Saving lives through the air -, South Georgia News, Weather, Sports

Saving lives through the air

May 12, 2003

Jacksonville, FL-- They save countless lives each year, working hundreds of feet in the air in a small, confined helicopter. The Baptist Life Flight Crew provides critical, immediate care to patients throughout South Georgia and North Florida. When you're in a life threatening situation, the crew's response time is twice as fast as that you'd receive on the ground. 

It's another day on the job and in the air for the Baptist Life Flight crew. Their mission is simple-- to provide rapid, critical transport. "We're just part of a big piece of the puzzle, and we all work to get the patients back to where they can be taken care of properly," says Chief Medic Charles Usery.

But before that can happen, it takes a lot of preparation.
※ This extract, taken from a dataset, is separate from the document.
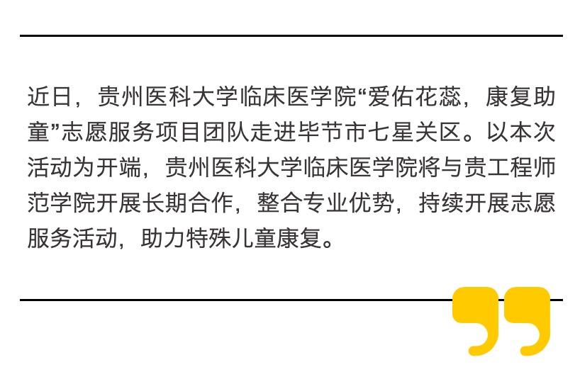 4月26日,太阳成集团tyc33455cc官网临床医学院“爱佑花蕊,康复助童”志愿服务项目团队走进毕节市七星关区,与贵州工程应用技术学院、七星关区人民医院联合开展了特殊儿童康复志愿服务活动。

Much of their time is spent gearing up for the day's flights. "We check all the equipment, making sure we have everything we need on the aircraft."

Pilot Greg Horwath makes sure the day's weather will permit flights. "We have to have an 800 ft. ceiling and at least two miles visibility. Anything less and company won't allow it."

Then they anxiously await the call from headquarters. "From the time we get toned out from our headquarters, it would take right around five minutes to get off the ground," says Pilot Greg Horwath. The life flight crew consists of a pilot, paramedic, and nurse. Each of those has at least five years field experience and takes part in over 700 transports each year.

This time its a trip over the water to Jacksonville Beach. "Lifeflight 1 be advised the patient is a 42-year-old male with vascular compromise," says the radio dispatcher. "We assume every patient we carry is critical, and they're really like a puzzle. We're going through the process of solving that puzzle to help keep them alive," says Horwath.

Lifeflight 1 is approaching landing. Once the patient's loaded, its a constant struggle to keep him calm and comfortable. Chief Paramedic Charles Usery and Flight Nurse Peggy Saums agree teamwork is the key. "Back here my partner and I a lot of times don't even talk. He knows what I'm doing, I know what he's doing, and its a symphony of sorts."

And working in a small, confined space, flying 800 feet from the ground through sometimes strong winds and bumpy air pockets isn't always easy. "In the summer its very hot, and your adrenaline is pumping making it seem even warmer, and it can get very tense in here," said Flight Nurse Peggy Saum.

In just 11 minutes, the crew transports the patient 18 miles. On the ground, the trip would have taken more than half an hour. "At the speeds we travel, you have to do it much faster in order to have the care done before you get back to the hospital,"  says Pilot Fred McCoy.

The patient is wheeled to the E.R. and rushed into surgery. Another successful transport is complete. "Basically one of his major vessels that supplies blood to his lower extremities was blocked so lifeflight was called to provide rapid transport so he could go to the O. R. and get that blockage fixed so he doesn't lose his limbs."

Rescues like these make the crew's job worth the while. "It's really rewarding when six months later somebody comes up and says 'I remember you, you were the pilot when you came out to help us.'"

"They make a difference in my life in that I appreciate my life a lot more." One call from headquarters and this crew will be at your rescue within minutes, dedicated heroes giving you immediate, life-saving care.

Most Life Flight pilots are former military and have thousands of flight hours. The paramedics have at least five years experience. Flight nurses are also certified paramedics.

The crew is based in Jacksonville, Florida. It's Georgia territory runs from the Coast to as far west as Albany.